• Stored data:
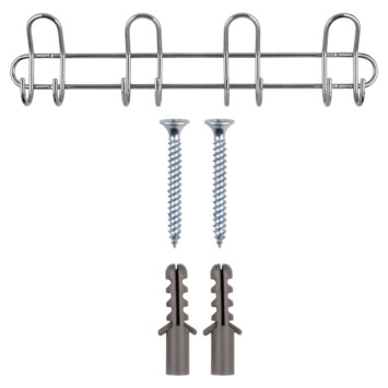 Ce robuste portemanteau est en acier et possède 8 crochets. Sa finition est chromée.
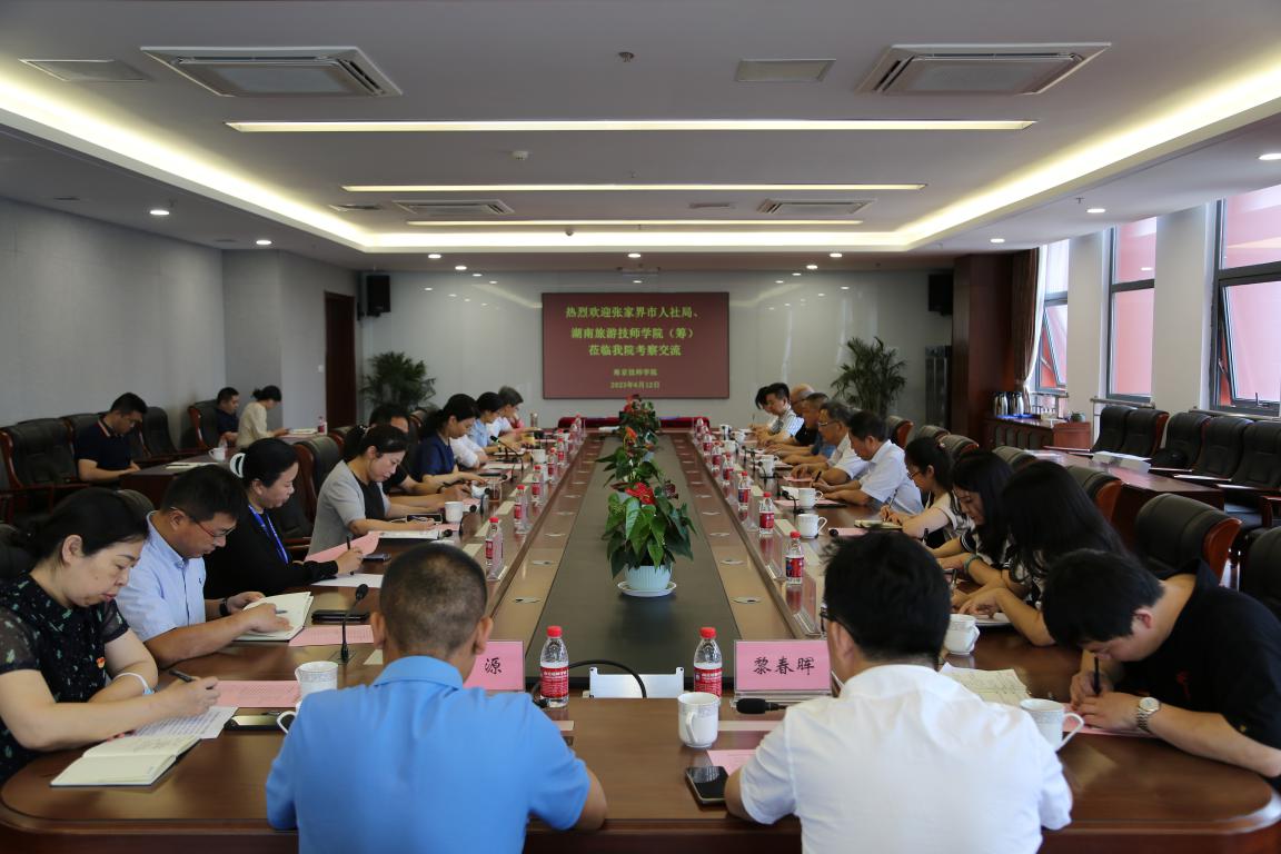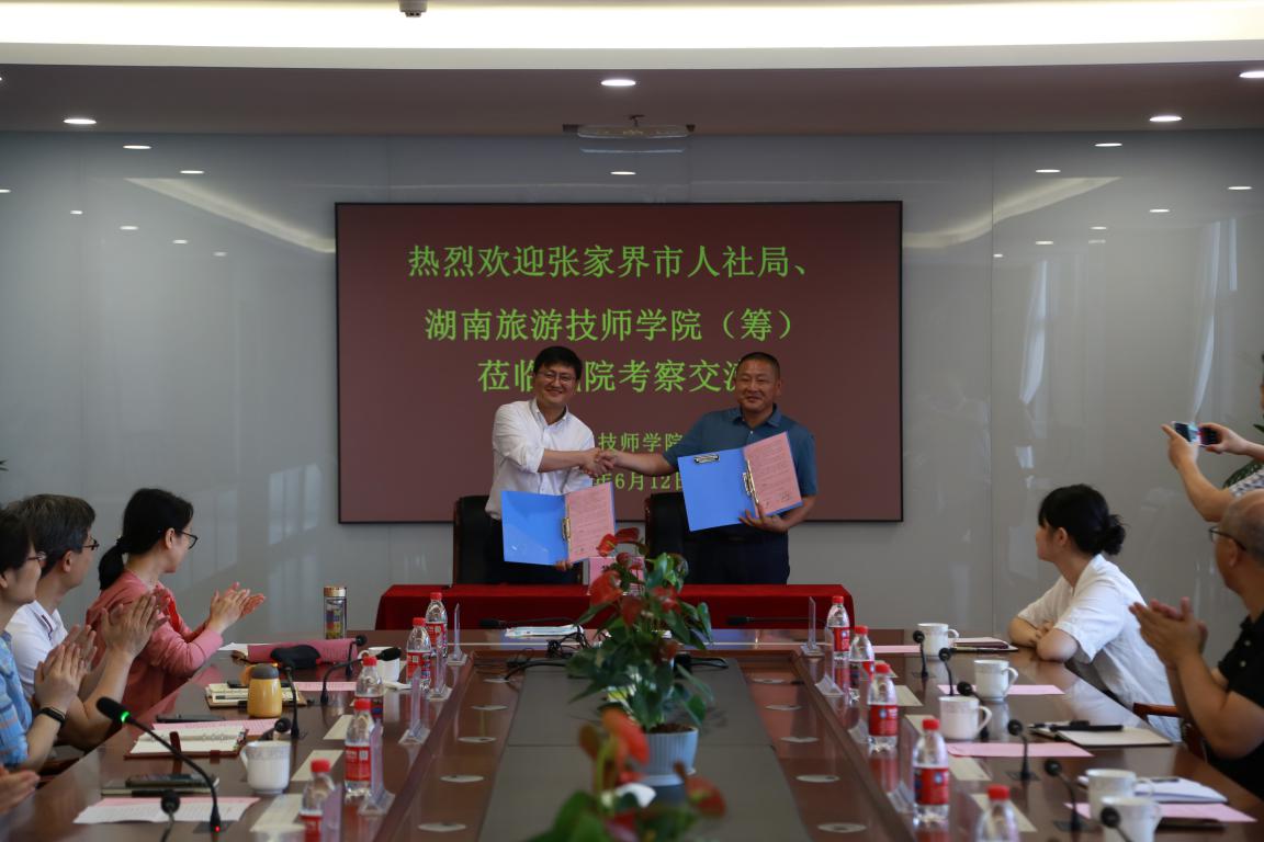 6月12日上午,张家界市人力资源和社会保障局二级调研员刘奇志、湖南旅游技师学院(筹)党委书记欧阳仁德带队来校考察交流,对接对口合作落实措施,并签订校校对口合作协议。万搏在线网站党委书记张金梅、副院长赵杰,湖南旅游技师学院(筹)副校长姚志勇及双方相关人员参加了座谈交流。
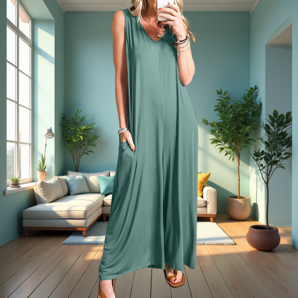 Why everyone loves the Gloria Comfortable jumpsuit with V-neck and wide legs:

• Task prompt: Retype exactly, and only, the lines from the one containing "6月12日上午,张家界市人力" through the end of the material, leaving aside every picture.

• Task result:
 6月12日上午,张家界市人力资源和社会保障局二级调研员刘奇志、湖南旅游技师学院(筹)党委书记欧阳仁德带队来校考察交流,对接对口合作落实措施,并签订校校对口合作协议。万搏在线网站党委书记张金梅、副院长赵杰,湖南旅游技师学院(筹)副校长姚志勇及双方相关人员参加了座谈交流。
 Why everyone loves the Gloria Comfortable jumpsuit with V-neck and wide legs:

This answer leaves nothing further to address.